Any advice will be very appreciated.
The MM would be buying stock to flatten their delta, as selling stock would increase their exposure. A trade in ATM options would result in the MM buying 50[50k shares] deltas in stock, replicating a short, synthetic ATM straddle. Hedging smaller gammas in ITM/OTM options results in taking greater spot/gamma risk for the MM as his static-gamma position is smaller, but contains upside-gamma risk[convexity-risk].
IOW, the MM will be more inclined to replicate/lay-off his gamma in buying options into the upside-gamma risk of the ITM/OTM position, while the ATM position allows the MM some time to shop for wings to purchase.
In either case the motivation is to reduce risk through the immediate purchase, natural or synthetic, of the underlying shares.
I have read previous posts from you, and I must admit you are by far the most knowledgeable person in the subject of options in this forum. I figured you would be the only one who would really know the answer. I want to congratulate you on your experience and your generosity of mind.

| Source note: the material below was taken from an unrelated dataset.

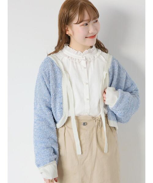 ふわふわとしたリボンヤーンが愛らしさを演出するボレロ。胸元で結ぶリボンもキュートなアクセントをプラスします。配色切り替えがメリハリ感のある印象に。コンパクトな着丈でバランスよくスタイリングでき、ワンピースと合わせたコーディネートがおすすめです。※商品画像は、撮影環境やお客様のご利用のPC・スマートフォンのモニター環境などにより実物と色味に差異がある場合がございます。
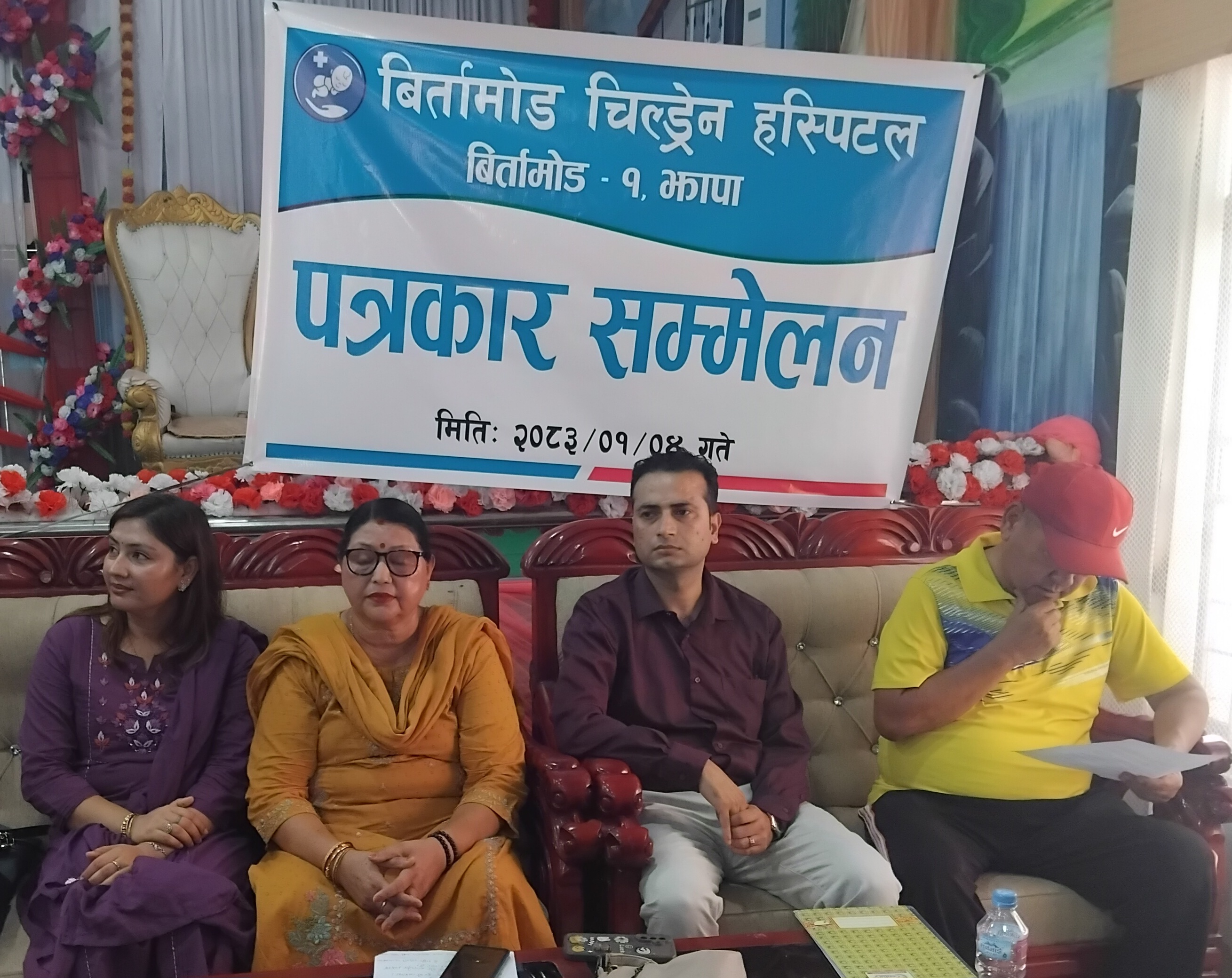 बिर्तामोड। बिर्तामोड चिल्ड्रेन हस्पिटल बिर्तामोड-१ झापाले वालवालिकाहरूको नि:शुल्क स्वास्थ्य शिविर सञ्चालन गर्ने भएको छ। नववर्षको अवसरमा आगामी बैशाख ७ गतेदेखि २१ गतेसम्म वालवालिकाहरूको नि:शुल्क स्वास्थ्य शिविर सञ्चालन गर्ने भएको बिर्तामोड चिल्ड्रेन हस्पिटलकी सिइओ सुजता मैनाली आचार्यले बताइन्। उनले शिविर अवधिभर नवजात शि ...

This is what I understand, if I buy 1K calls, MM buys the equivalent in shares, if I buy puts, MM shorts the equivalent.
It would appear that my purchase would in itself help me since the shares would move in my direction to start with ?
Am I to expect the MM to try to wiggle me out of the position, once it is established? Or am I being paranoid ?

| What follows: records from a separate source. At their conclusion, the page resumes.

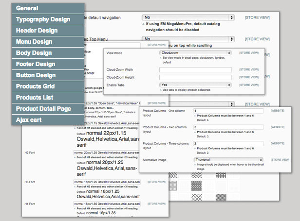 - Designing image dimensions and image background color on product grids, product detail page, related items, upsell, crosssell, shopping cart software
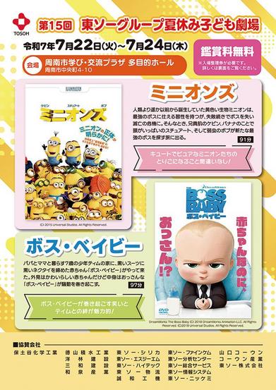 【周南】7月22〜24日・「ミニオンズ」、「ボス・ベイビー」上映 第15回東ソーグループ夏休み子ども劇場
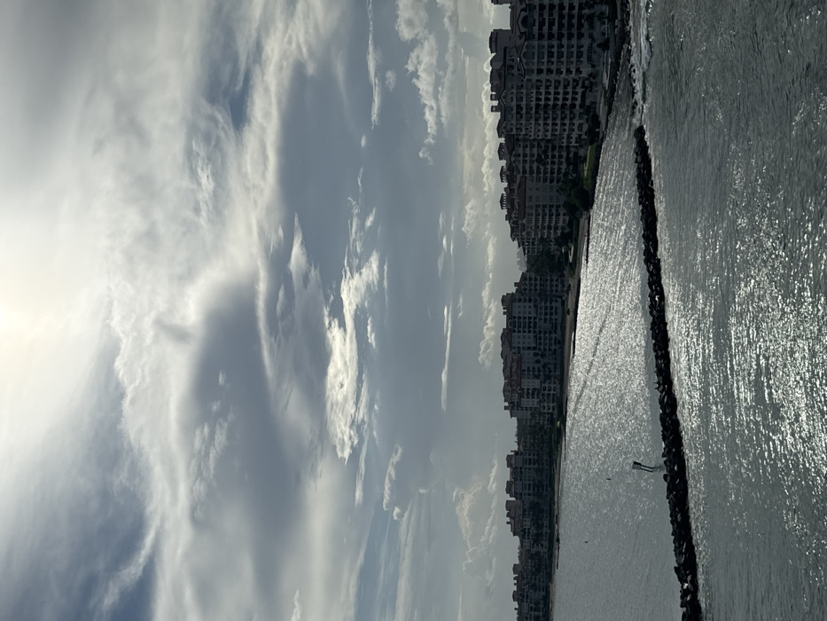 The image displays a coastal panorama identified as the waterfront of Fisher Island, Miami-Dade County, viewed from the Government Cut channel in Miami Beach, United States. The upper half of the frame is occupied by a partly cloudy sky, featuring a bright, diffused light source, presumably the sun, in the upper-right quadrant. The lower half depicts a body of water with extensive surface glare and shimmering reflections. Along the horizon, a continuous line of multi-story residential buildings, characteristic of condominiums on Fisher Island, are visible. These structures feature light-colored exteriors and dark, possibly terracotta-tiled roofs, appearing partially shadowed against the water and sky. A prominent dark, rocky breakwater extends horizontally into the water from the right mid-ground, showing wave interaction on its seaward side. A single white and black navigational marker stands vertically in the water near the breakwater. No people are discernible in the scene. The overall environment suggests a sunny, yet partly overcast day.

Thank you very much for your help !
you are being paranoid. There are many types of market makers. Odds are if you do that kind of size, there isn't one MM on the other side of the trade. Some may hedge the delta directly with stock, some may hedge it by spreading out, some may hedge it with a number of correlated products. furthermore, the big MM's are trading millions of contracts per day. the 1000 lot you trade is just another piece of the puzzle.
one more thing: it makes a great difference if you are talking about a stock with average daily volume of 100K shares or a couple of million shares. ditto for volume and liquidity in the stock option class you're trading.
an addition to the above post:
A lot of the MM's are not independent solo operators but trade for a firm, they may make markets on several names and their trades are fed in their mother computer. There are people upstairs monitoring the combined position to make sure that the firm's exposure is not too lopsided.
If the MM by any chance could or did not hedge their side of the trade after filling your order the upstairs people may hedge it in the process of costantly working on the global hedge.
Also think of the MM as a person keeping 7 plates swirling up in the air. While the are definitely working to have an edge and make money they are too busy for intricate games on each order.
When you are submitting an order on a slow option chain it does not mean that they are asleep at the other end because they probably handle many other names.
As far as buying on the bid and selling on the offer, even if you were personally standing there you could not do it unless you vere experienced and agressive so don't even dream about it from upstairs.
I used a simplistic example of a single individual making a market in 1000 calls. Obviously that's not likely to be the outcome of a similar event on the post of XYZ options.
There isn't likely to be a waiting conversion/box/roll available, and selling 1000p simply doubles the size of the straddle from 500 to 1000[synthetic/natural].
As has been stated; the DPMs are often large firms represented by individuals who simply fill the paper and the d/g/v risk is handled upstairs. Often resulting in additional, proprietary order flow being sent to the pit in which your 1000 calls were traded. Firms like these are always looking for arbs, but will often replicate in correlated markets.